Sql or PLSQL: compressing dataset while maintaining date contiguity

Question

0.00/5 (No votes)

See more:

I have an interesting dataset that I need to compress while maintaining the date contiguity. I have been struggling to formulate a logic to resolve the issue. Actually, I was able to come with a grouping logic using a cursor but the dataset contains more than 5 Million rows and running update queries 5 million times is not an option.

PROBLEM:
If the zip code matches with the next row zip code then they need to be compressed in a single row using Min date of the START row and the max date of the END date row.
Essentially, I have created the last column grouping manually to show how the data needs to be organized so I can easily compressed the data.
You can see rows 6,7,8 needs to be grouped together, so is rows 21-23, and so on and so forth.

Once compressed the dataset should be returning 30 rows and not 38.
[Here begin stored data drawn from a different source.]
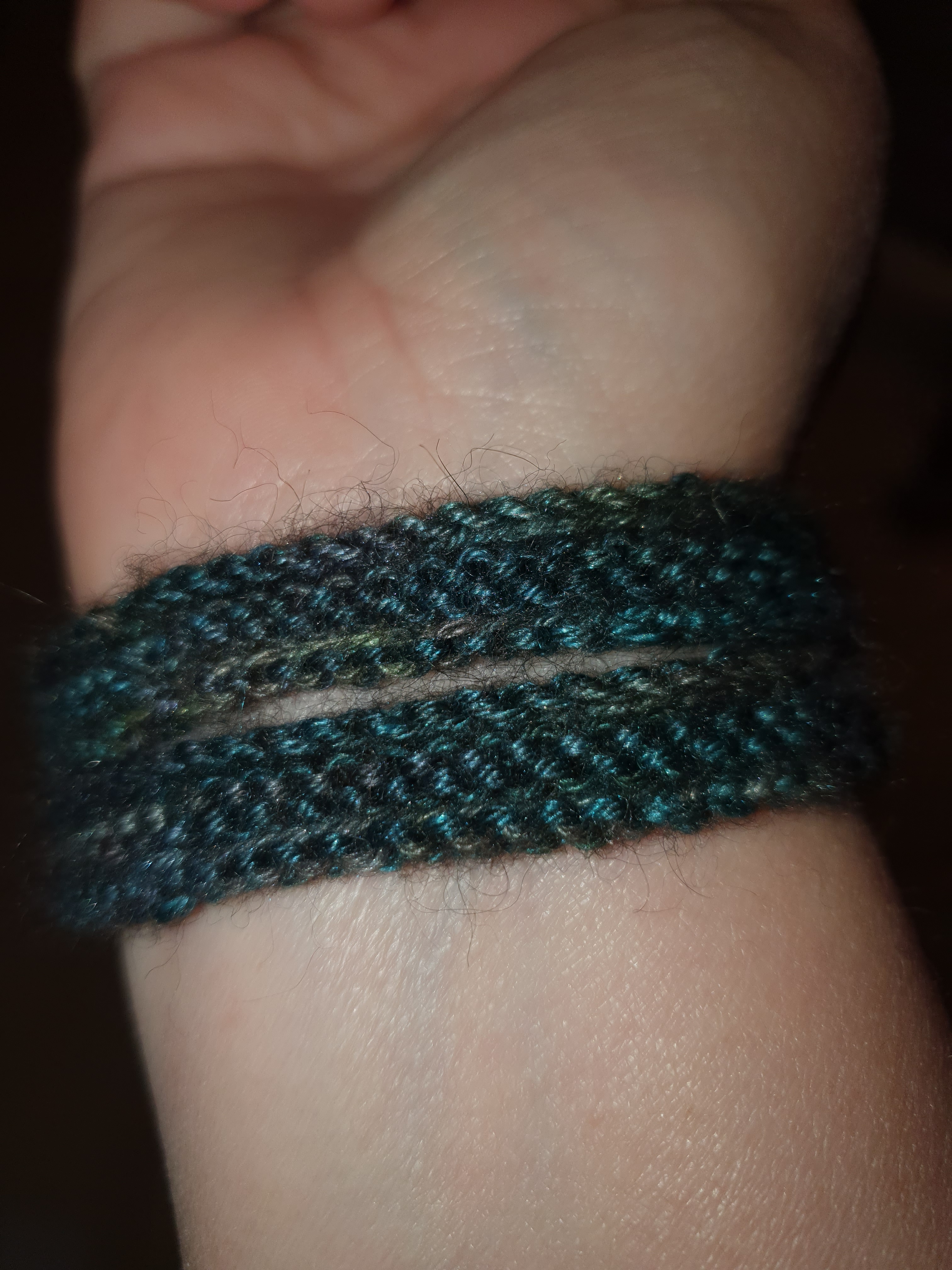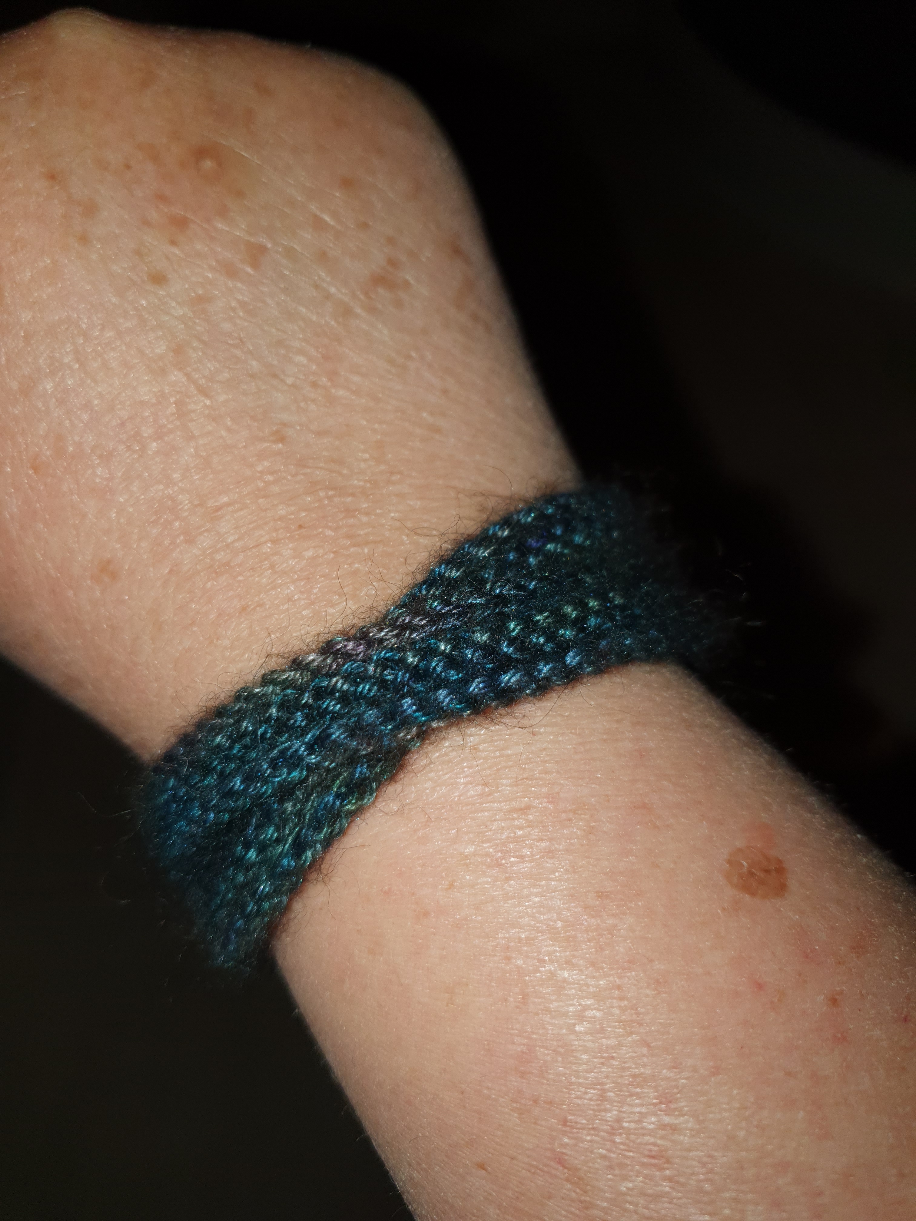 • ๐Ÿ†• Stash Bracelet by Riv Creative (Coastal colours yak & silk 4 ply) โœ… made week 51 โค A late addition to the list and I can see me making more with fancy yarn scraps. Very quick and only uses about 3.5g of yarn!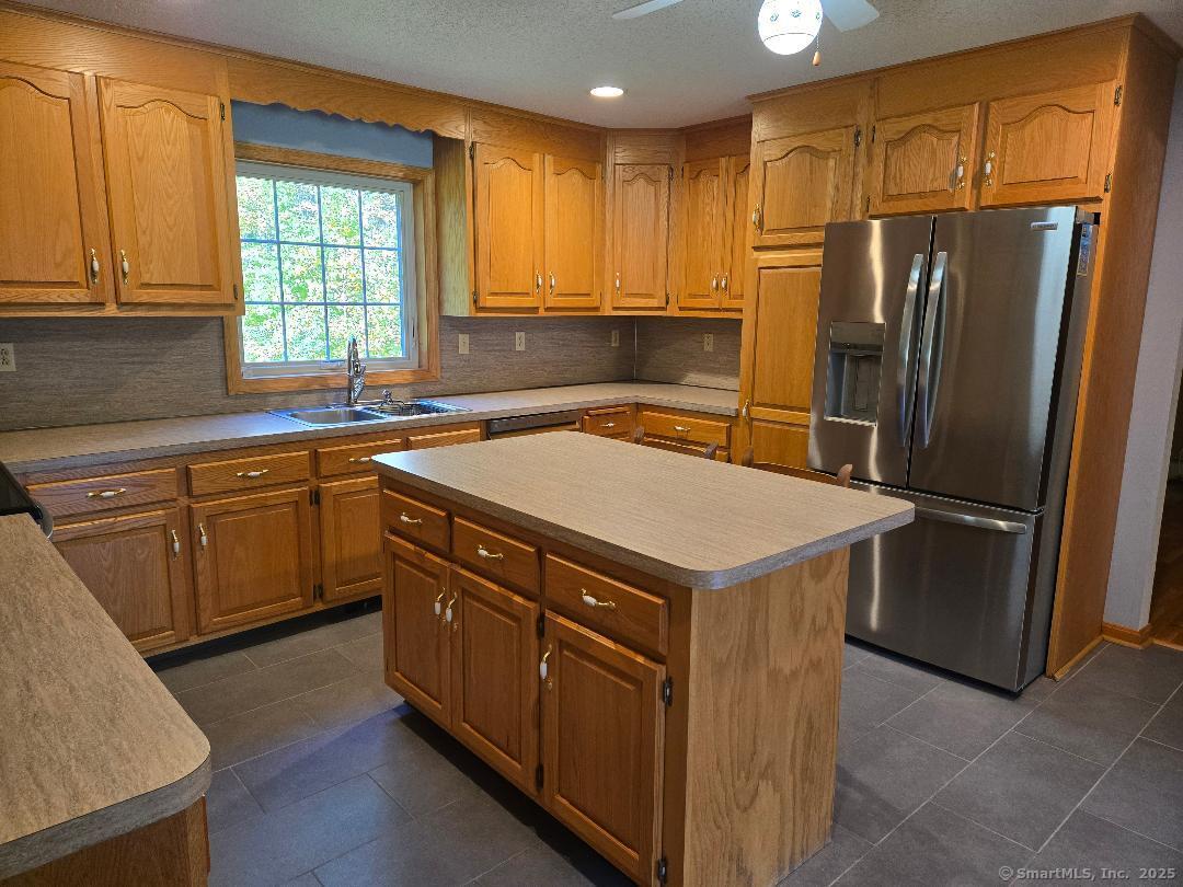 One floor living at its finest! This 3 BR, 2 BA Ranch home sits on 1.13 acres at the end of a cul-de-sac in quiet neighborhood. 2-car attached garage accesses the spacious kitchen with stainless appliances, center island w/stools and plenty of cabinetry. Dining room has HW floor, bay window and looks onto front porch entryway. Living room offers HW floor, gas-log fireplace and slider to awning-covered deck (complete with ramp) with lovely fenced-in back yard. Large primary bedroom w/full bath and walk-in closet. Enormous, clean unfinished basement with convenient walk-out (access stairway is in the garage). Newer asphalt shingle roof (2021), new boiler (2021), Renewal by Anderson windows 2022, mini-split A/C & heat systems (2024), along with other upgrades. Home also wired w/second panel to accommodate portable generator (included with home). This meticulously cared for home is a must see!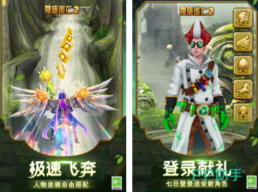 相对于普通的跑酷游戏这款融入了写实风格,仿佛真的在神庙逃亡的过程中会置身于危险的场景在看到了障碍的时候利用跳跃的方式就可帮助自己顺利的继续下去,利用极速飞奔的方式一路吃金币。要说它比第1个版本值得大家体验的地方就是有了全新的角色,还有炫目的其他场景,跑酷的过程中还可以骑着自己的坐骑。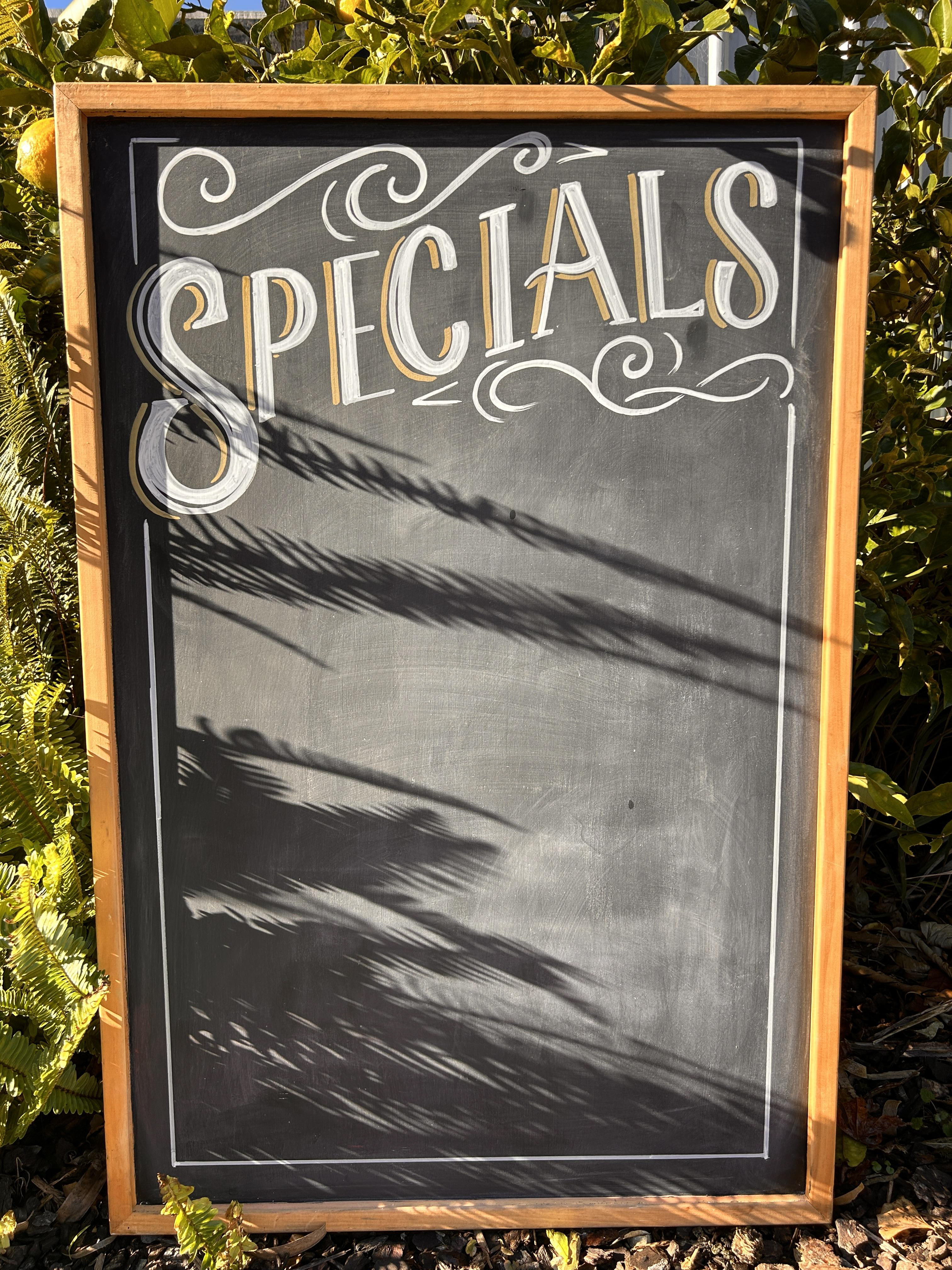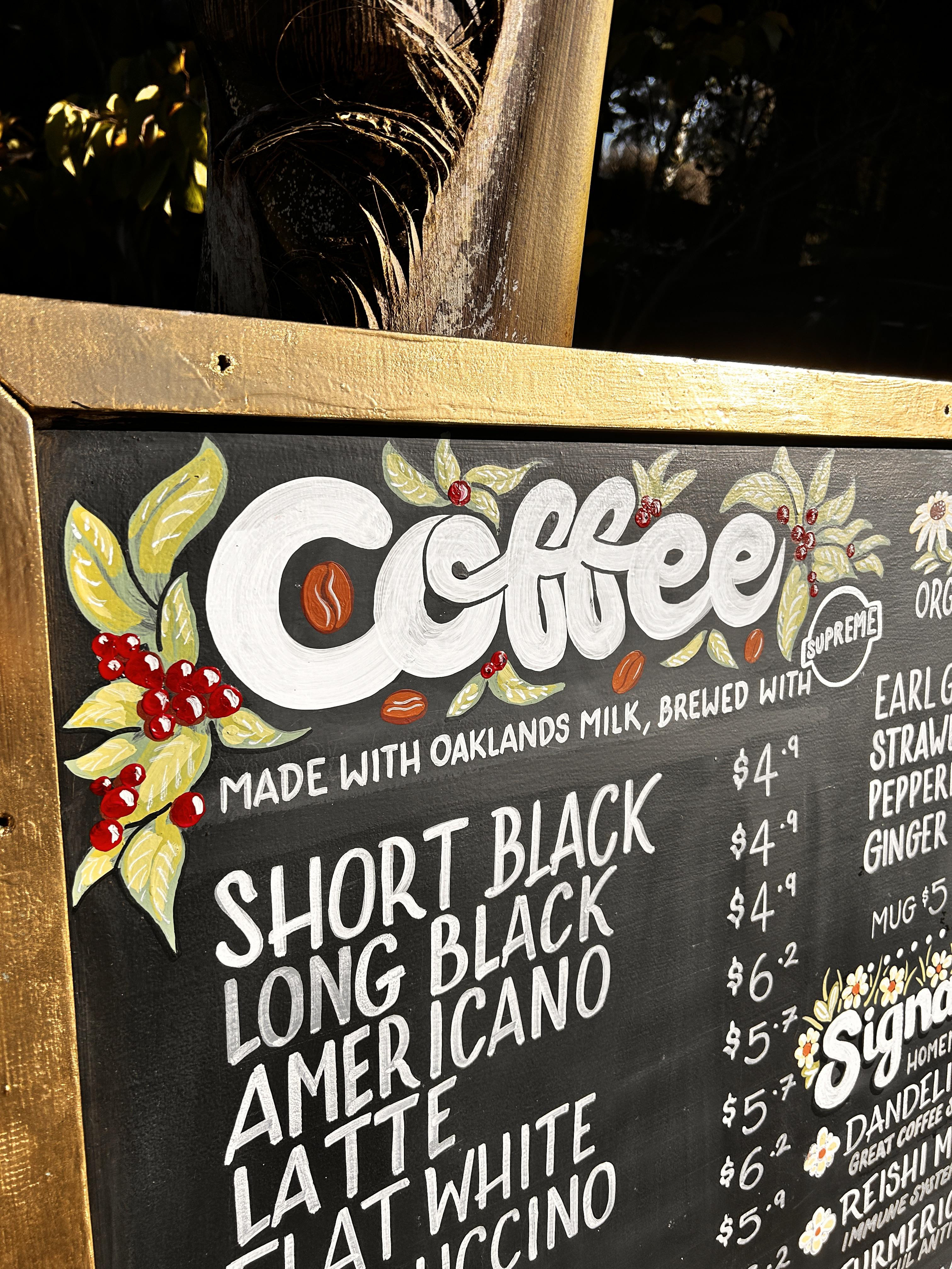 Hand lettered menu boards, easy to change for the seasons. A tidy and cohesive way to display your products. grocery signs, food & beverage menus or retail labelling services available.
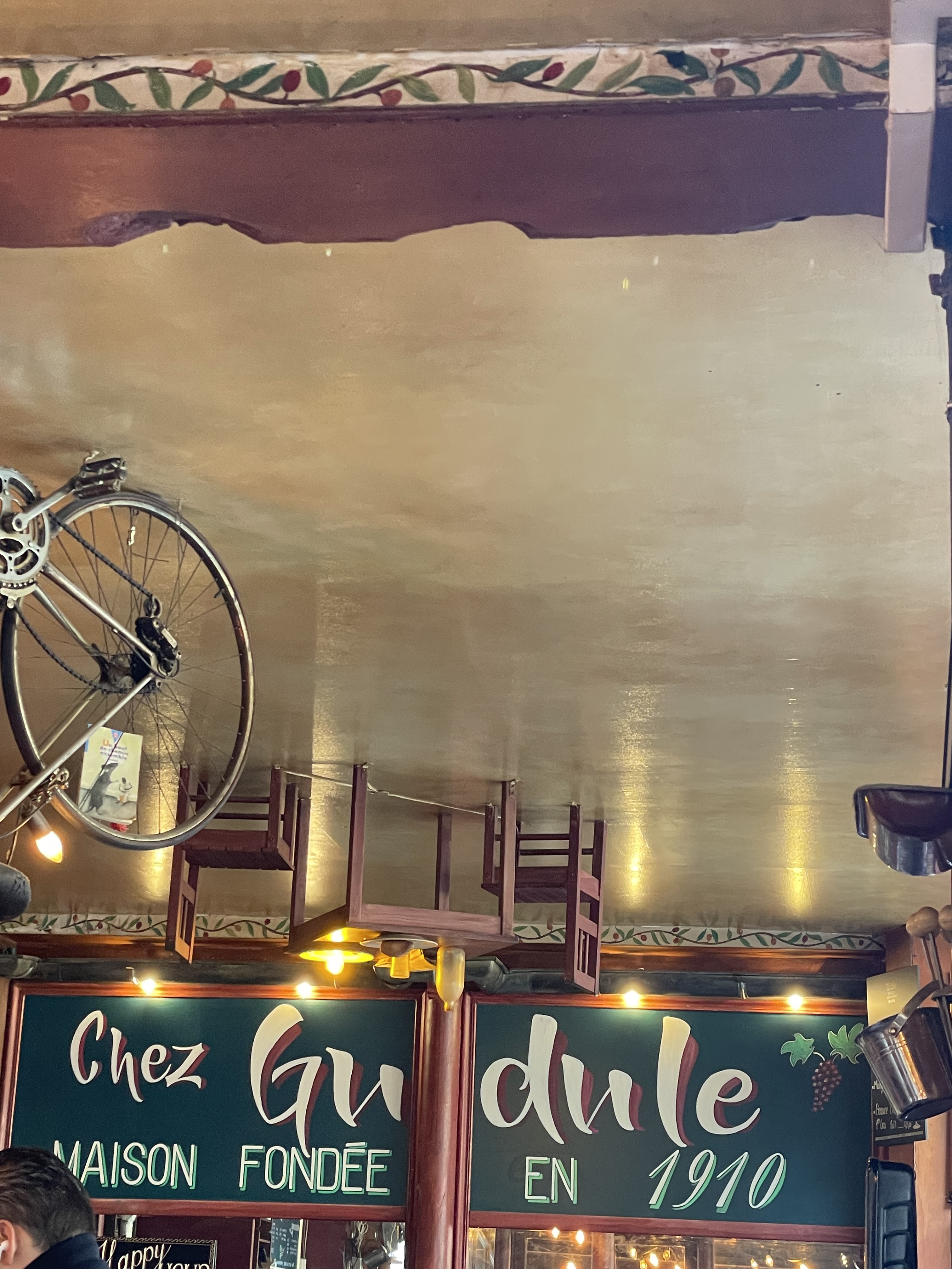 Si vous cherchez un bistrot sympa dans le 12ème, côté Daumesnil (ce qui n'est pas chose aisée), Chez Gudule devrait vous convenir. C'est simple et de bonne facture (ne cherchez pas non plus de la grande cuisine) et l'ambiance y est plutôt bonne. Et le décor, avec ses vélos suspendus au plafond, vaut le détour.

ID	ZIP	 START	         END	  Rank   Grouping
500	55106	7/8/2009	9/1/2009	1	1
500	55407	9/2/2009	11/23/2009	2	2
500	55411	11/24/2009	11/29/2009	3	3
500	55407	11/30/2009	12/13/2009	4	4
500	55429	12/14/2009	12/20/2009	5	5
500	55407	12/21/2009	12/22/2009	6	6
500	55407	12/23/2009	1/3/2010	7	6
500	55407	1/4/2010	1/10/2010	8	6
500	55304	1/11/2010	1/13/2010	9	7
500	55407	1/14/2010	1/25/2010	10	8
500	55121	1/26/2010	2/9/2010	11	9
500	55119	2/10/2010	2/10/2010	12	10
500	55428	2/11/2010	2/11/2010	13	11
500	55038	2/12/2010	2/17/2010	14	12
500	55433	2/18/2010	3/8/2010	15	13
500	55406	3/9/2010	3/22/2010	16	14
500	55406	3/23/2010	3/24/2010	17	14
500	55433	3/25/2010	4/22/2010	18	15
500	55415	4/23/2010	6/20/2013	19	16
500	55106	6/21/2013	9/15/2013	20	17
500	55407	9/16/2013	9/19/2013	21	18
500	55407	9/20/2013	10/16/2013	22	18
500	55407	10/17/2013	11/25/2013	23	18
500	55102	11/26/2013	12/12/2013	24	19
500	55130	12/13/2013	1/21/2014	25	20
500	55407	1/22/2014	2/16/2014	26	21
500	55407	2/17/2014	7/10/2014	27	21
500	55125	7/11/2014	7/28/2014	28	22
500	55407	7/29/2014	10/29/2014	29	23
500	55411	10/30/2014	12/2/2014	30	24
500	55407	12/3/2014	7/7/2015	31	25
500	55434	7/8/2015	8/24/2015	32	26
500	55434	8/25/2015	11/3/2015	33	26
500	55130	11/4/2015	8/18/2016	34	27
500	55407	8/19/2016	7/11/2018	35	28
500	55407	7/12/2018	10/1/2018	36	28
500	55408	10/2/2018	10/5/2018	37	29
500	55411	10/6/2018	12/30/9999	38	30

What I have tried:

I have tried using the LEAD and LAG function to create the grouping column but no luck.

Thanks Much!

Posted 5-May-20 10:26am

sulaif

Updated 7-May-20 5:29am

Add a Solution

2 solutions

Solution 1

As to me, it would be 17 rows in output, because ZIP code: 55407 is reapeated 15 times and other ZIP codes are repeated twice.

See:

SQL

SET DATEFORMAT mdy;

DECLARE @tmp TABLE (ID INT, ZIP INT, [START] Date, [END] Date)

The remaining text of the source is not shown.